▸ TASK INPUTS
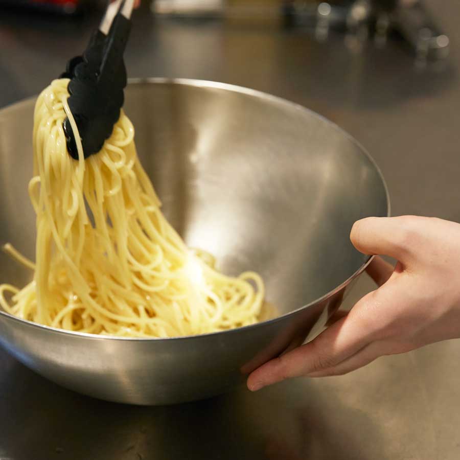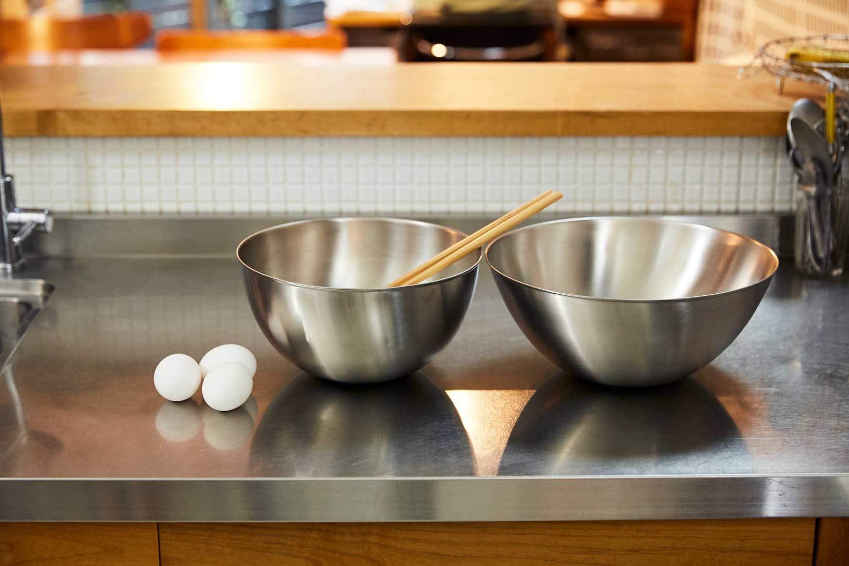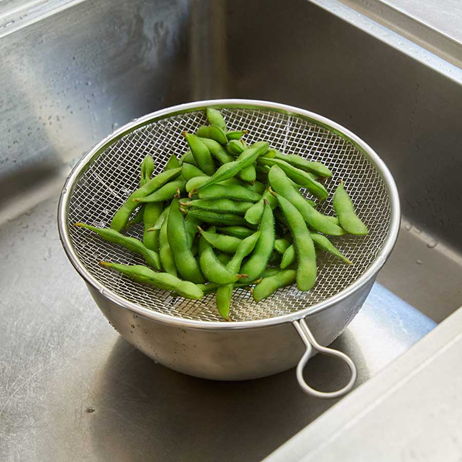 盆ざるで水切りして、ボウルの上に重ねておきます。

==

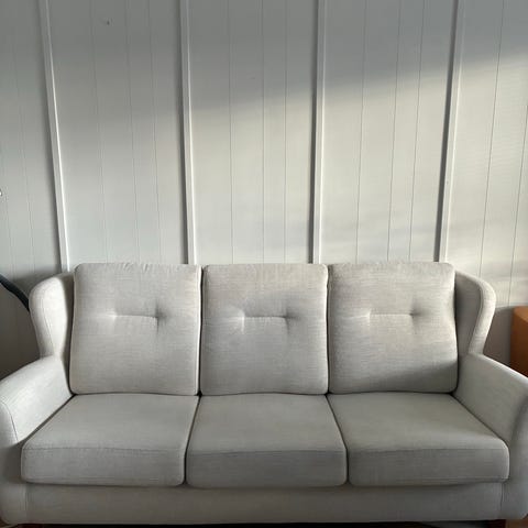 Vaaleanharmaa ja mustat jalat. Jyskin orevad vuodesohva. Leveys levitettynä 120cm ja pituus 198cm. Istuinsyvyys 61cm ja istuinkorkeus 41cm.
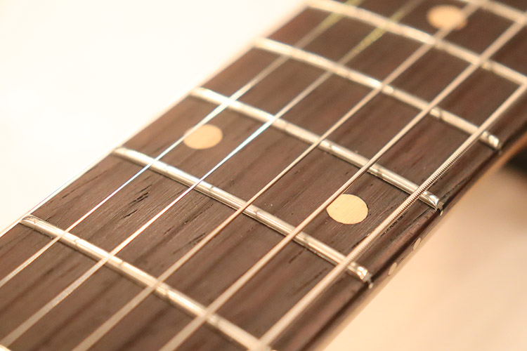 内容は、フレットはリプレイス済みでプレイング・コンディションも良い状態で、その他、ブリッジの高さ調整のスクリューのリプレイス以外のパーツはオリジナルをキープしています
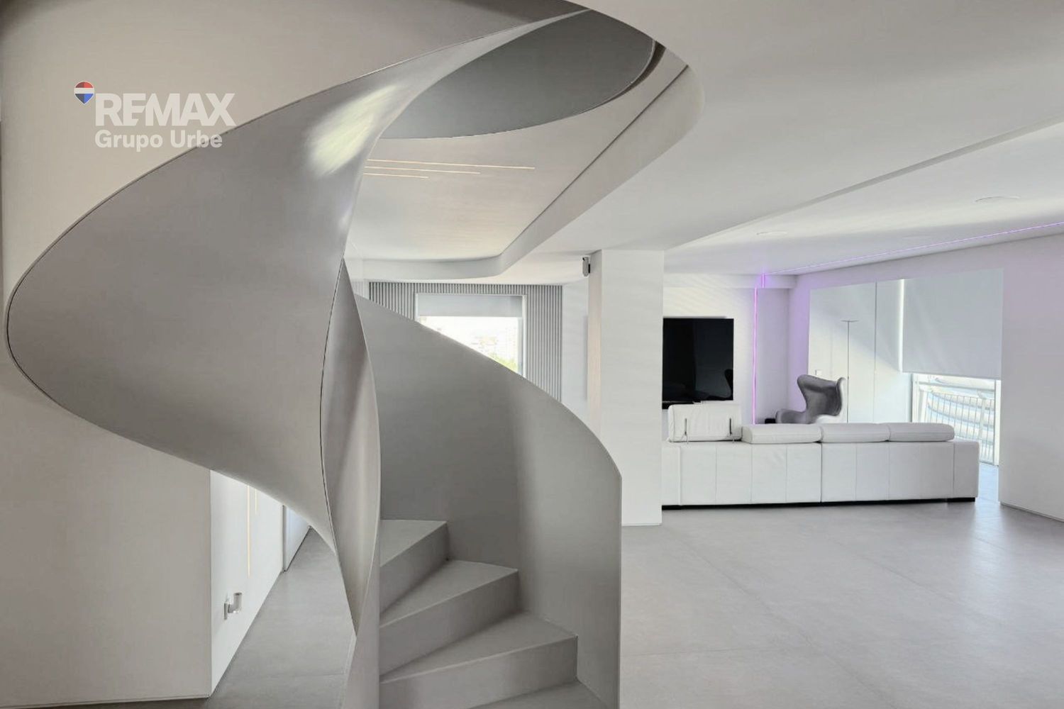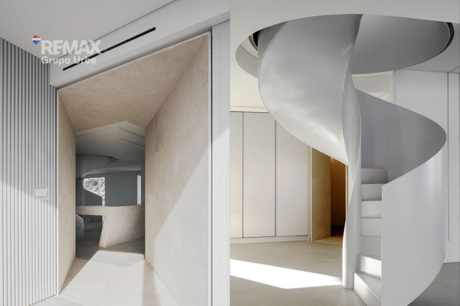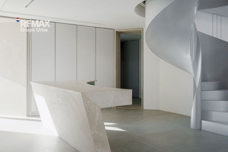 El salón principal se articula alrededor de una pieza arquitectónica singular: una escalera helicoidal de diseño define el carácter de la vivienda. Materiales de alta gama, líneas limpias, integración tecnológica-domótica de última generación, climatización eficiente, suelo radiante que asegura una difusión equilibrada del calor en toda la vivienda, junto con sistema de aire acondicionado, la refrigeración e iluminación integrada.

▸ TASK OBJECTIVE
Within the listing above, find the line containing "Vaaleanharmaa ja mustat" and the line containing "内容は、フレットはリプレイス". Transcribe them and everything between them exactly, leaving out the pictures.

▸ TASK RESULT
 Vaaleanharmaa ja mustat jalat. Jyskin orevad vuodesohva. Leveys levitettynä 120cm ja pituus 198cm. Istuinsyvyys 61cm ja istuinkorkeus 41cm.
 内容は、フレットはリプレイス済みでプレイング・コンディションも良い状態で、その他、ブリッジの高さ調整のスクリューのリプレイス以外のパーツはオリジナルをキープしています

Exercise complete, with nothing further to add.